The National Congress conducts regular annual sessions beginning on January 25 and adjourning on October 31. These sessions, however, may be extended. In addition, special sessions may be called at the request of the executive branch through the Permanent Committee of Congress, provided that a simple majority of deputies agrees. A simple majority of the total number of principal deputies also constitutes a quorum for the installation of the National Congress and the holding of meetings. The Permanent Committee of Congress is a body of nine deputies and their alternates, appointed before the end of regular sessions, that remains on duty during the adjournment of the National Congress. The National Congress is headed by a directorate that is elected by a majority of deputies, which is headed by a president (who also presides over the Permanent Committee of Congress when the National Congress is not in session) and includes at least two vice presidents and two ministers.

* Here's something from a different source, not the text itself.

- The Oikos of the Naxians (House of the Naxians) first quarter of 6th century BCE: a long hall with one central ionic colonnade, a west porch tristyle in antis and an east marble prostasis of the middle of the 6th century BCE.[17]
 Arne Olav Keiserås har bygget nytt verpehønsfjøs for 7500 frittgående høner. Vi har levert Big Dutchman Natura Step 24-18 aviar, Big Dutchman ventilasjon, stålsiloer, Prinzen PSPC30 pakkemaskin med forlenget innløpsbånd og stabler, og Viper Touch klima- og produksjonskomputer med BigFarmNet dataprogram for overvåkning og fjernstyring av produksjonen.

The constitution sets forth forty-five powers of the National Congress, the most important being the power to make, enact, interpret, and repeal laws. Legislative bills may be introduced in the National Congress by any deputy or the president (through the cabinet ministers). The Supreme Court of Justice and the Superior Elections Tribunal may also introduce bills within their jurisdiction. In practice, most legislation and policy initiatives are introduced by the executive branch, although there are some instances where legislation and initiatives emanate from the National Congress. A bill must be debated on three different days before being voted upon, with the exception of urgent cases as determined by a simple majority of the deputies present. If approved, the measure is sent to the executive branch for sanction and promulgation. In general, a law is considered compulsory after promulgation and after twenty days from being published in the official journal, La Gaceta. If the president does not veto the bill within ten days, it is considered sanctioned and is to be promulgated by the president.

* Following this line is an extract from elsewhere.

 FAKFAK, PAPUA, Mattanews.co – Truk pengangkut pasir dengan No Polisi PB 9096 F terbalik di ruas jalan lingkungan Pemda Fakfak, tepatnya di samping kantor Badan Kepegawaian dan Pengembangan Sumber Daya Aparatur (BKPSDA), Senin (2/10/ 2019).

If the president vetoes a measure, he must return it to the National Congress within ten days explaining the grounds for disapproval. To approve the bill again, the National Congress must again debate it and then ratify it by a two-thirds majority vote, whereupon it is sent to the executive branch for immediate publication. However, if the president originally vetoed the bill on the grounds that it was unconstitutional, the bill cannot be debated in the National Congress until the Supreme Court renders its opinion on the measure within a timeframe specified by the National Congress. If an executive veto is not overridden by the National Congress, the bill may not be debated again in the same session of the National Congress.
If the National Congress approves a bill at the end of its session, and the president intends to veto it, the president must immediately notify the National Congress so that it can extend the session for ten days beyond when it receives the disapproved bill. If the president does not comply with this procedure, he must return the bill within the first eight days of the next session of the National Congress.
Certain acts and resolutions of the National Congress may not be vetoed by the president. Most significantly these include the budget law, amendments to the constitution, declarations regarding grounds for impeachment for high-ranking government officials, and decrees relating to the conduct of the executive branch
Regarding government finances, the National Congress is charged with adopting annually (and modifying if desired) the general budget of revenue and expenditures based on the executive branch's proposal. The National Congress has control over public revenues and has power to levy taxes, assessments, and other public charges. It approves or disapproves the formal accounts of public expenditures based on reports submitted by the comptroller general and loans and similar agreements related to public credit entered into by the executive branch.
The legislative branch has two auxiliary agencies, the Superior Accounts Tribunal (Comptroller Office) and the Directorate of Administrative Probity, both of which are functionally and administratively independent. The Superior Accounts Tribunal (Comptroller Office) is exclusively responsible for the post-auditing of the public treasury. It maintains the administration of public funds and properties and audits the accounts of officials and employees who handle these funds and properties. It audits the financial operations of agencies, entities, and institutions of the government, including decentralized institutions. It examines the books kept by the state and accounts rendered by the executive branch to the National Congress on the operations of the public treasury and reports to the National Congress on its findings. The Directorate of Administrative Probity audits the accounts of public officials or employees to prevent their unlawful enrichment.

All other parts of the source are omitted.